Requirement: Which lines of the data contain the string "Ancient"? Show each of them.

[[ Entries provided, beginning ]]

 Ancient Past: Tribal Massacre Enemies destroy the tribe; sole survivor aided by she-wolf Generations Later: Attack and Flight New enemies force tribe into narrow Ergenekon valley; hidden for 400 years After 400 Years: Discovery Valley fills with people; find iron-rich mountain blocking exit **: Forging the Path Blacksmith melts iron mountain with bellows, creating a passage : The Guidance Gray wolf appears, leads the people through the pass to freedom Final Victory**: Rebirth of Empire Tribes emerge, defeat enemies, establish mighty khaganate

[[ Entries provided, end ]]
[[ Entries provided, beginning ]]

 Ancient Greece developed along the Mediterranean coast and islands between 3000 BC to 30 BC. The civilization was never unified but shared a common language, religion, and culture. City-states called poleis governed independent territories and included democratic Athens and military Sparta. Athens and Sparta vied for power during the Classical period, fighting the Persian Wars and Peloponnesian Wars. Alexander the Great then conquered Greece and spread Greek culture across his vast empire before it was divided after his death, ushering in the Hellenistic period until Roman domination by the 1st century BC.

[[ Entries provided, end ]]
[[ Entries provided, beginning ]]

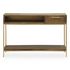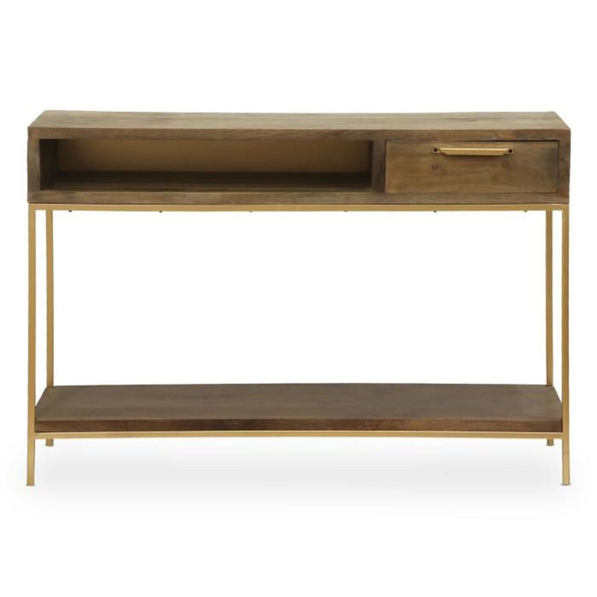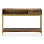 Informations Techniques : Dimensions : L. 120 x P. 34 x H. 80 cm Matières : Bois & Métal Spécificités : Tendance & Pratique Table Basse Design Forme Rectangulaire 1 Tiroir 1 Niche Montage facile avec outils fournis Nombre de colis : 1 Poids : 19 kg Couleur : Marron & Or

[[ Entries provided, end ]]

Solution:
 Ancient Past: Tribal Massacre Enemies destroy the tribe; sole survivor aided by she-wolf Generations Later: Attack and Flight New enemies force tribe into narrow Ergenekon valley; hidden for 400 years After 400 Years: Discovery Valley fills with people; find iron-rich mountain blocking exit **: Forging the Path Blacksmith melts iron mountain with bellows, creating a passage : The Guidance Gray wolf appears, leads the people through the pass to freedom Final Victory**: Rebirth of Empire Tribes emerge, defeat enemies, establish mighty khaganate
 Ancient Greece developed along the Mediterranean coast and islands between 3000 BC to 30 BC. The civilization was never unified but shared a common language, religion, and culture. City-states called poleis governed independent territories and included democratic Athens and military Sparta. Athens and Sparta vied for power during the Classical period, fighting the Persian Wars and Peloponnesian Wars. Alexander the Great then conquered Greece and spread Greek culture across his vast empire before it was divided after his death, ushering in the Hellenistic period until Roman domination by the 1st century BC.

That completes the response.